### [Exercise]
The full listing, exactly as written and with no images, is the expected output.

### [Supplied data]

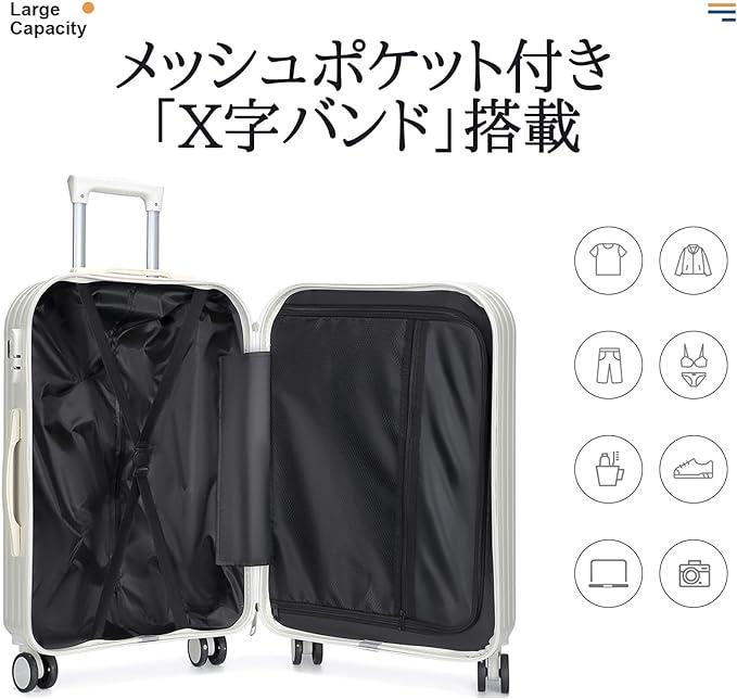 「令和5年7月最新型」とにかく使いやすい、USBポートとカップホルダーを搭載してスーツケースを開けることなくスマホを充電できます。飛行機内にスーツケースを持ち込むサイズで日帰りや1-2泊などの小旅行や出張であれば十分です。 「ABS+PC」ABS樹脂とポリカーボネートでの混合素材を採用し、軽量かつ頑丈で耐衝撃性を実現しています。機内持ち込みときにほかの人に乱暴に扱われ破損する恐れがないです。 「静 音」静音ダブルキャスターが搭載されている、気兼ねなく持ち歩けるのも魅力です。360°回転に対応しているため、小回りが利き。人混みのなかや狭い道を通るときでも、自分の体にピッタリとくっ付けてスムーズに移動できるのが魅力です。 「収納スペース」スーツケース内は前後両方のシェルに「X字バンド」を搭載。前側のシェルにはメッシュポケット付きの中仕切りを備えており、小物を整理して収納できます。キャリーハンドルは長さの調節が可能。身長や使用するシーンに合わせて長さを変更できる。 「ファスナータイプ」:開閉部分が布製で軽量なのがメリット。ファスナーが衝撃を吸収するので、比較的壊れにくいのもポイントです。少しだけ開けて荷物を出し入れできる手軽さも兼ね備えています。
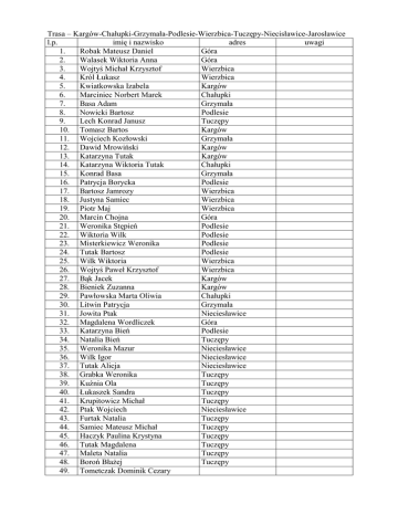 Trasa – Kargów-Chałupki-Grzymała-Podlesie-Wierzbica-Tuczępy-Niecisławice-Jarosławice adres uwagi l.p. imię i nazwisko 1. Robak Mateusz Daniel Góra 2. Walasek Wiktoria Anna Góra 3. Wojtyś Michał Krzysztof Wierzbica 4. Król Łukasz Wierzbica 5. Kwiatkowska Izabela Kargów 6. Marciniec Norbert Marek Chałupki 7. Basa Adam Grzymała 8. Nowicki Bartosz Podlesie 9. Lech Konrad Janusz Tuczępy 10. Tomasz Bartos Kargów 11. Wojciech Kozłowski Grzymała 12. Dawid Mrowiński Kargów 13. Katarzyna Tutak Kargów 14. Katarzyna Wiktoria Tutak Chałupki 15. Konrad Basa Grzymała 16. Patrycja Borycka Podlesie 17. Bartosz Jamrozy Wierzbica 18. Justyna Samiec Wierzbica 19. Piotr Maj Wierzbica 20. Marcin Chojna Góra 21. Weronika Stępień Podlesie 22. Wiktoria Wilk Podlesie 23. Misterkiewicz Weronika Podlesie 24. Tutak Bartosz Podlesie 25. Wilk Wiktoria Wierzbica 26. Wojtyś Paweł Krzysztof Wierzbica 27. Bąk Jacek Kargów 28. Bieniek Zuzanna Kargów 29. Pawłowska Marta Oliwia Chałupki 30. Litwin Patrycja Grzymała 31. Jowita Ptak Nieciesławice 32. Magdalena Wordliczek Góra 33. Katarzyna Bień Podlesie 34. Natalia Bień Tuczępy 35. Weronika Mazur Nieciesławice 36. Wilk Igor Nieciesławice 37. Tutak Alicja Nieciesławice 38. Grabka Weronika Tuczępy 39. Kuźnia Ola Tuczępy 40. Łukaszek Sandra Tuczępy 41. Krupitowicz Michał Tuczępy 42. Ptak Wojciech Nieciesławice 43. Furtak Natalia Tuczępy 44. Samiec Mateusz Michał Tuczępy 45. Haczyk Paulina Krystyna Tuczępy 46. Tutak Magdalena Tuczępy 47. Maleta Natalia Tuczępy 48. Boroń Błażej Tuczępy 49. Tometczak Dominik Cezary
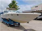 CÓD 5653 PANTHER 33: 1988, 2 x vp aqad 40b 180hp, diesel, 720hs de uso, 33 top e 22 cruzeiro, rabetas vp 275, âncora, antena de vhf, (3) baterias, bomba de água doce, (3) bombas de porão, bússola, buzina, capota, carreta de encalhe, cd player, chuveiro, (10) coletes, defletor de radar, (2) extintores, geleira, rádio vhf, sanitário comum, strobolight... F/c. Nunes (13)99706-0395
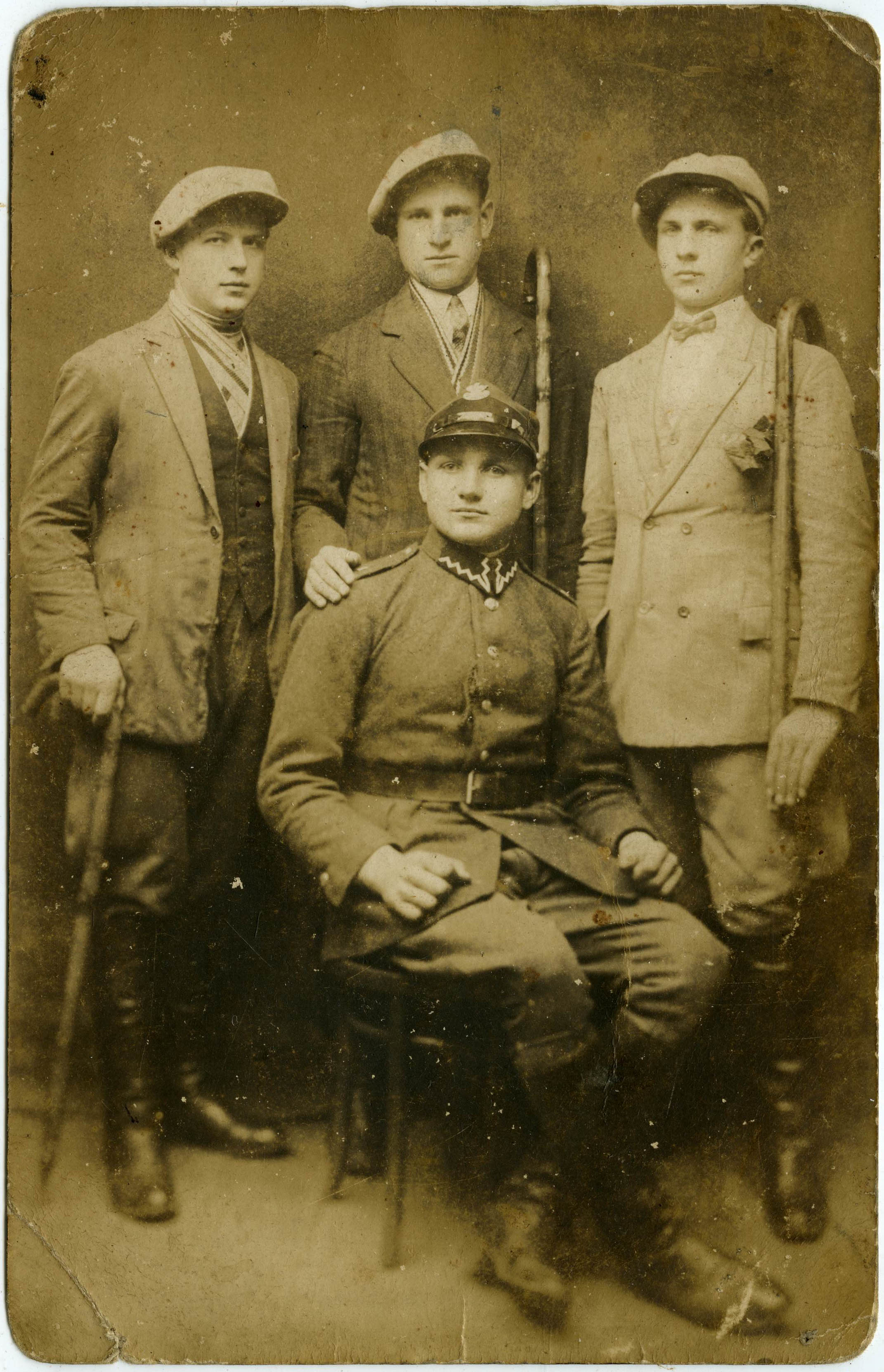 A fénykép ünnepelt főszereplője immár az újonnan megalakult független lengyel hadsereg egyenruháját viseli, amely 1929-ig maradt ebben a formában. Három álló társa marcona tartással kompenzálja az egyenruha hiányát és demonstrálja, hogy ha a haza szólít, ők is helytállnak majd. Szükség is lesz rá nemsokára.
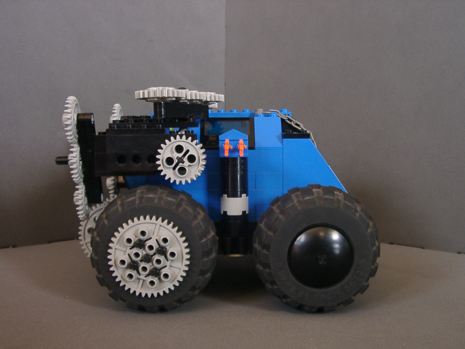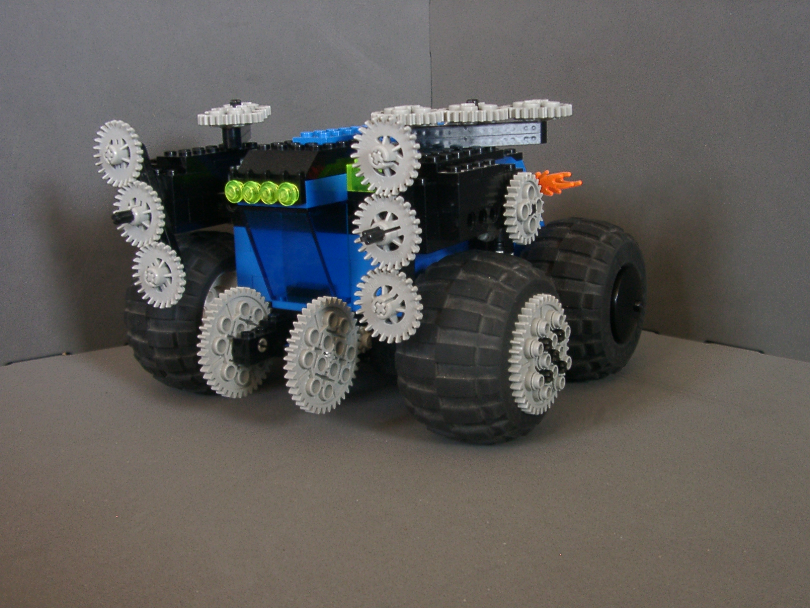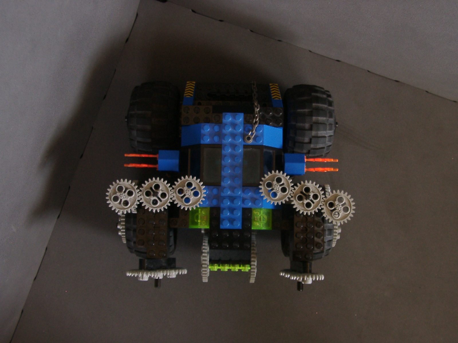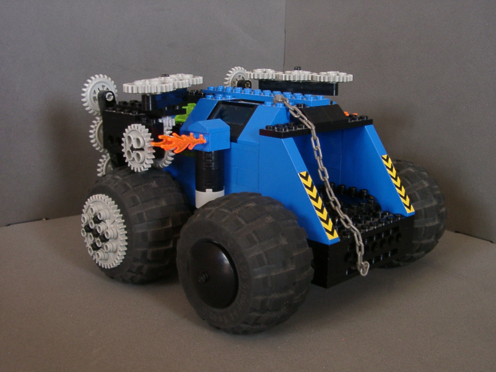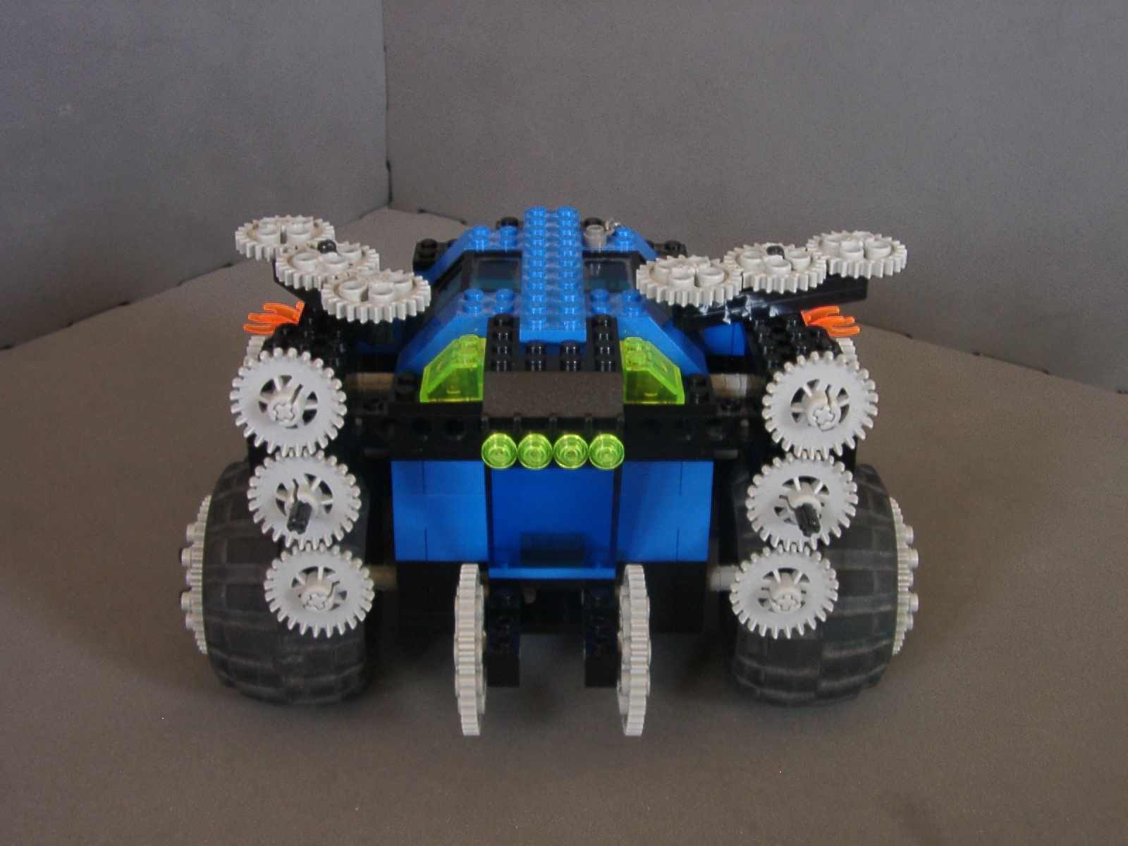 It might take some imagination for you to realize that the visible gears are a working, spinning, drilling mechanism that moves when the vehicle rolls forward or backwards. These machines were used to drill out the lower levels of the Onu Metru Archives. For the full story, videos, and pictures showing how it works, visit the Archives Titan MOC topic on our forums .
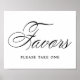 This beautiful and timeless horizontal "Favors: Please Take One" table signage adds a simple elegance to any classic wedding reception, shower or party motif. The luxurious script design features a whimsical and romantic modern black calligraphy lettering. The lovely font with a customizable background color makes it easy to fit any theme. For other colors or matching products, please visit the JustFharryn Zazzle store, or contact the designer, c/o Fharryn@yahoo.com All rights reserved. #zazzlemade
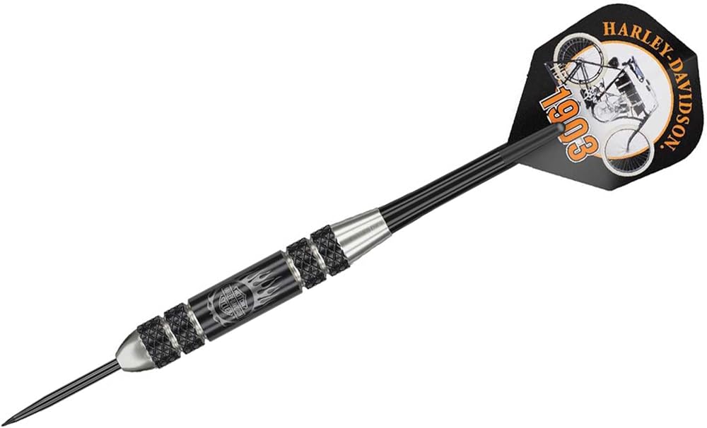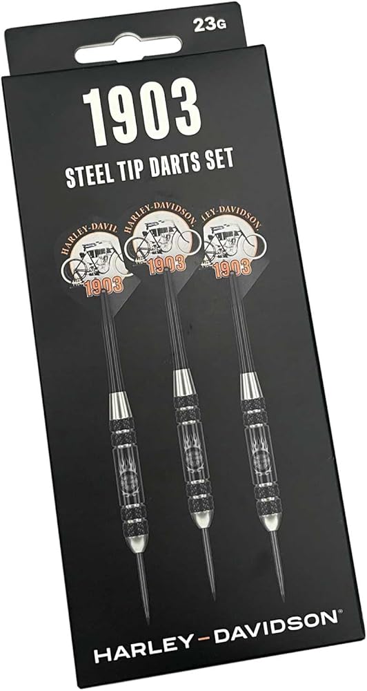 Harley-Davidson 1903 Darts, 61356. 22 gram Steel Tip Darts. Precision meets legacy: Harley-Davidson inspired darts crafted to honor the 1903 motorcycle. Includes 6 1903 flights and 6 1903 shafts. Tri-fold dart wallet. Black coated stainless steel barrels. Laser engraved Bar & Shield. The perfect darts for your at home board!
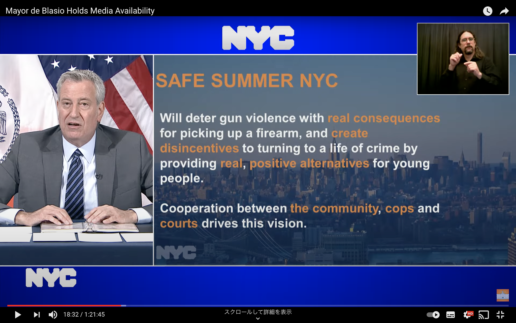 ニューヨーク市のデブラシオ市長は20日、増加する銃犯罪の対応策を発表した。この対応策は「セーフ・サマーNYC」と名付けられ、コミュニティーへの資源投入、警官の再配備、対面による裁判の再開を盛り込んでいる。同日、ウォール・ストリート・ジャーナルが報じた。
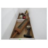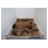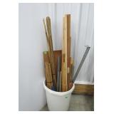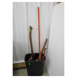 Small Trash Can With Wooden Tool Handles and Tool Heads
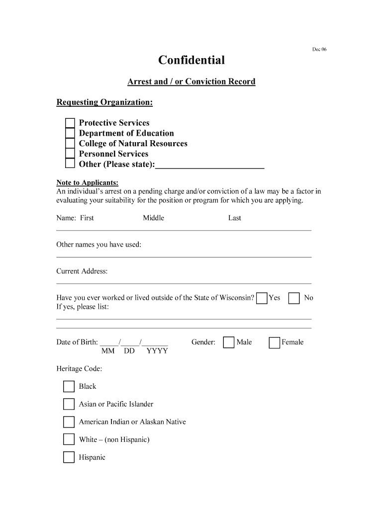Key Features of the Wisconsin Arrest and Conviction Record Request Form

### [Exercise solution]
 「令和5年7月最新型」とにかく使いやすい、USBポートとカップホルダーを搭載してスーツケースを開けることなくスマホを充電できます。飛行機内にスーツケースを持ち込むサイズで日帰りや1-2泊などの小旅行や出張であれば十分です。 「ABS+PC」ABS樹脂とポリカーボネートでの混合素材を採用し、軽量かつ頑丈で耐衝撃性を実現しています。機内持ち込みときにほかの人に乱暴に扱われ破損する恐れがないです。 「静 音」静音ダブルキャスターが搭載されている、気兼ねなく持ち歩けるのも魅力です。360°回転に対応しているため、小回りが利き。人混みのなかや狭い道を通るときでも、自分の体にピッタリとくっ付けてスムーズに移動できるのが魅力です。 「収納スペース」スーツケース内は前後両方のシェルに「X字バンド」を搭載。前側のシェルにはメッシュポケット付きの中仕切りを備えており、小物を整理して収納できます。キャリーハンドルは長さの調節が可能。身長や使用するシーンに合わせて長さを変更できる。 「ファスナータイプ」:開閉部分が布製で軽量なのがメリット。ファスナーが衝撃を吸収するので、比較的壊れにくいのもポイントです。少しだけ開けて荷物を出し入れできる手軽さも兼ね備えています。
 Trasa – Kargów-Chałupki-Grzymała-Podlesie-Wierzbica-Tuczępy-Niecisławice-Jarosławice adres uwagi l.p. imię i nazwisko 1. Robak Mateusz Daniel Góra 2. Walasek Wiktoria Anna Góra 3. Wojtyś Michał Krzysztof Wierzbica 4. Król Łukasz Wierzbica 5. Kwiatkowska Izabela Kargów 6. Marciniec Norbert Marek Chałupki 7. Basa Adam Grzymała 8. Nowicki Bartosz Podlesie 9. Lech Konrad Janusz Tuczępy 10. Tomasz Bartos Kargów 11. Wojciech Kozłowski Grzymała 12. Dawid Mrowiński Kargów 13. Katarzyna Tutak Kargów 14. Katarzyna Wiktoria Tutak Chałupki 15. Konrad Basa Grzymała 16. Patrycja Borycka Podlesie 17. Bartosz Jamrozy Wierzbica 18. Justyna Samiec Wierzbica 19. Piotr Maj Wierzbica 20. Marcin Chojna Góra 21. Weronika Stępień Podlesie 22. Wiktoria Wilk Podlesie 23. Misterkiewicz Weronika Podlesie 24. Tutak Bartosz Podlesie 25. Wilk Wiktoria Wierzbica 26. Wojtyś Paweł Krzysztof Wierzbica 27. Bąk Jacek Kargów 28. Bieniek Zuzanna Kargów 29. Pawłowska Marta Oliwia Chałupki 30. Litwin Patrycja Grzymała 31. Jowita Ptak Nieciesławice 32. Magdalena Wordliczek Góra 33. Katarzyna Bień Podlesie 34. Natalia Bień Tuczępy 35. Weronika Mazur Nieciesławice 36. Wilk Igor Nieciesławice 37. Tutak Alicja Nieciesławice 38. Grabka Weronika Tuczępy 39. Kuźnia Ola Tuczępy 40. Łukaszek Sandra Tuczępy 41. Krupitowicz Michał Tuczępy 42. Ptak Wojciech Nieciesławice 43. Furtak Natalia Tuczępy 44. Samiec Mateusz Michał Tuczępy 45. Haczyk Paulina Krystyna Tuczępy 46. Tutak Magdalena Tuczępy 47. Maleta Natalia Tuczępy 48. Boroń Błażej Tuczępy 49. Tometczak Dominik Cezary
 CÓD 5653 PANTHER 33: 1988, 2 x vp aqad 40b 180hp, diesel, 720hs de uso, 33 top e 22 cruzeiro, rabetas vp 275, âncora, antena de vhf, (3) baterias, bomba de água doce, (3) bombas de porão, bússola, buzina, capota, carreta de encalhe, cd player, chuveiro, (10) coletes, defletor de radar, (2) extintores, geleira, rádio vhf, sanitário comum, strobolight... F/c. Nunes (13)99706-0395
 A fénykép ünnepelt főszereplője immár az újonnan megalakult független lengyel hadsereg egyenruháját viseli, amely 1929-ig maradt ebben a formában. Három álló társa marcona tartással kompenzálja az egyenruha hiányát és demonstrálja, hogy ha a haza szólít, ők is helytállnak majd. Szükség is lesz rá nemsokára.
 It might take some imagination for you to realize that the visible gears are a working, spinning, drilling mechanism that moves when the vehicle rolls forward or backwards. These machines were used to drill out the lower levels of the Onu Metru Archives. For the full story, videos, and pictures showing how it works, visit the Archives Titan MOC topic on our forums .
 This beautiful and timeless horizontal "Favors: Please Take One" table signage adds a simple elegance to any classic wedding reception, shower or party motif. The luxurious script design features a whimsical and romantic modern black calligraphy lettering. The lovely font with a customizable background color makes it easy to fit any theme. For other colors or matching products, please visit the JustFharryn Zazzle store, or contact the designer, c/o Fharryn@yahoo.com All rights reserved. #zazzlemade
 Harley-Davidson 1903 Darts, 61356. 22 gram Steel Tip Darts. Precision meets legacy: Harley-Davidson inspired darts crafted to honor the 1903 motorcycle. Includes 6 1903 flights and 6 1903 shafts. Tri-fold dart wallet. Black coated stainless steel barrels. Laser engraved Bar & Shield. The perfect darts for your at home board!
 ニューヨーク市のデブラシオ市長は20日、増加する銃犯罪の対応策を発表した。この対応策は「セーフ・サマーNYC」と名付けられ、コミュニティーへの資源投入、警官の再配備、対面による裁判の再開を盛り込んでいる。同日、ウォール・ストリート・ジャーナルが報じた。
 Small Trash Can With Wooden Tool Handles and Tool Heads
Key Features of the Wisconsin Arrest and Conviction Record Request Form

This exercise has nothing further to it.